La terza puntata del diario di Paola Strocchio che per una settimana ci porterà nei campi profughi di Salonicco in Grecia. «Al mio secondo giorno di campo sto imparando che bisogna accettare i compromessi, anche quelli che potresti confondere con un ossimoro»

di Paola Strocchio

Oggi volevo parlare del Black Friday. Poi però ho cambiato idea, e vi parlerò del White Tree, che mi ha proposto oggi il coordinatore della Luna di Vasilika.

Ho preso un pennello e l'ho immerso in un vassoio colmo di calce. Poi ho dipinto uno, due, tre, non mi ricordo quanti alberi.


Gli alberi colorati con la calce

Perché? Perché un albero con il tronco bianco è più bello. Perché un albero con il tronco bianco è protetto dai parassiti. Perché un albero sano è più bello. E un albero bello rende più bello anche un campo profughi.

E vivere in un posto bello è più bello che vivere in un posto brutto. Altrimenti perché appenderemo in casa quadri, stampe e cornici?

Al mio secondo giorno di campo sto imparando che bisogna accettare i compromessi, anche quelli che potresti confondere con un ossimoro. E che il campo profughi in qualche modo è comunque casa.

Ci sono ancora poco più di duecento cuscini da distribuire agli ospiti del campo. Anche oggi si presentano con qualche pezzo di carta in mano che racconta come si chiamano e da dove vengono.
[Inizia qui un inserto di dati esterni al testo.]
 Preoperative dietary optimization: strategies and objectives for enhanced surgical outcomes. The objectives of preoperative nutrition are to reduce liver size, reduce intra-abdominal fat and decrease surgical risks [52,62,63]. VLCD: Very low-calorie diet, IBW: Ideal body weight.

Tra di loro c'è chi prova a mostrare i documenti di chi ha già lasciato il campo per prendere un cuscino in più. È il gioco della disperazione, ma le regole qui ci sono e devono essere rispettate. L’equilibrio di un campo profughi è quanto di più precario abbia mai visto, e basta nulla perché la situazione sfugga di mano.

Terminata la distribuzione dei cuscini, è l'ora della raccolta degli oggetti pericolosi che accidentalmente si trovano nel campo e che potrebbero ferire i bambini. Chiodi, bottiglie di vetro, lattine, pezzi di filo spinato.
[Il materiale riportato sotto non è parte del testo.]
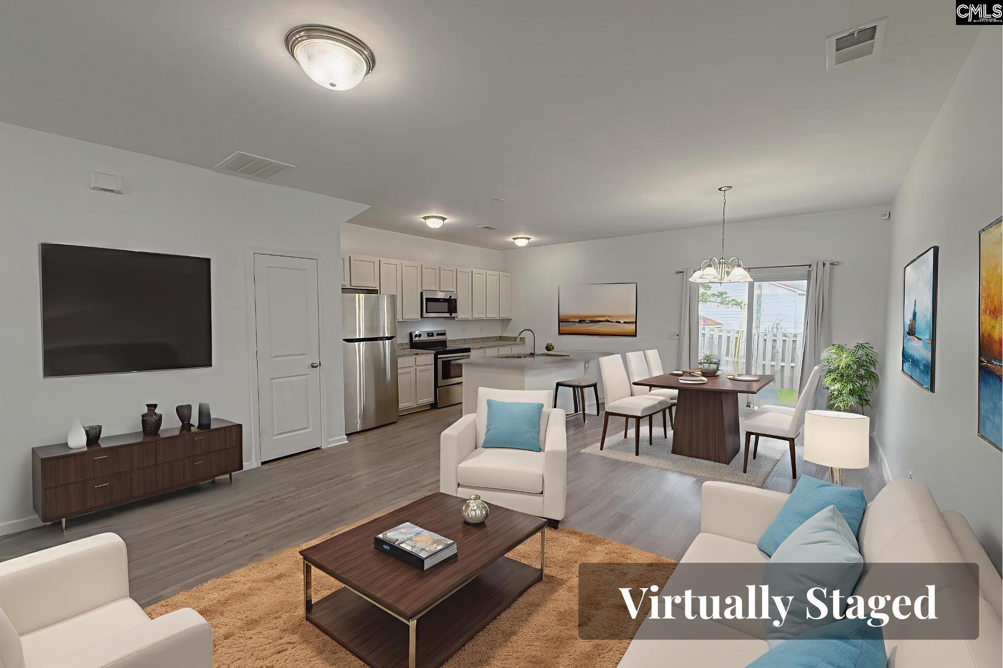 Welcome home to 420 Angel Grove Lane, a former model home that is truly move-in ready and located within a gated community ideally positioned between Harbison and Irmo—just minutes from I-26, shopping, dining, and everyday conveniences.This bright and well-designed 2-bedroom, 2.5-bath floor plan is perfect for comfortable living. The spacious kitchen features granite countertops, stainless steel appliances—including the refrigerator—and a large center island with bar seating, making it ideal for both daily use and entertaining.The entire interior has been professionally painted, providing a fresh, modern feel throughout. Durable LVP flooring spans the main level, while the upstairs features brand-new carpet and padding in both bedrooms and hallways. The first floor also includes a convenient half bath and a generously sized laundry room, with the washer and dryer conveying.Upstairs, both bedrooms have private en suite bathrooms and ample closet space, creating a functional and comfortable layout for homeowners or guests alike.Out back, enjoy a spacious yard with a covered patio and a private storage room—perfect for tools, bikes, or outdoor gear. Best of all, the HOA maintains both the front and backyard, allowing for low-maintenance, worry-free living.With thoughtful updates, fresh finishes, and an excellent location, 420 Angel Grove Lane is ready to welcome its next owner. Schedule your private showing today. Disclaimer: CMLS has not reviewed and, therefore, does not endorse vendors who may appear in listings.

I bambini cominciano a fidarsi di me, o forse questo è quello che mi piace pensare.

Una bambina di dieci anni mi ha chiamato per mostrarmi quanto è brava a saltare la corda. A differenza di tanti suoi coetanei parla un buon inglese. Ride di gusto quando mi passa la sua corda e vede che ho l'agilità di una foca monaca. Chiama addirittura una sua amica. E la sua amica chiama le sue tre sorelle e il fratellino, che ha diciotto mesi e si chiama Joseph. Ridono, ridono e ridono. E io rido con loro. Che sia questo quel pizzico di felicità di cui mi ha parlato il coordinatore e che ieri non ero riuscita a trovare?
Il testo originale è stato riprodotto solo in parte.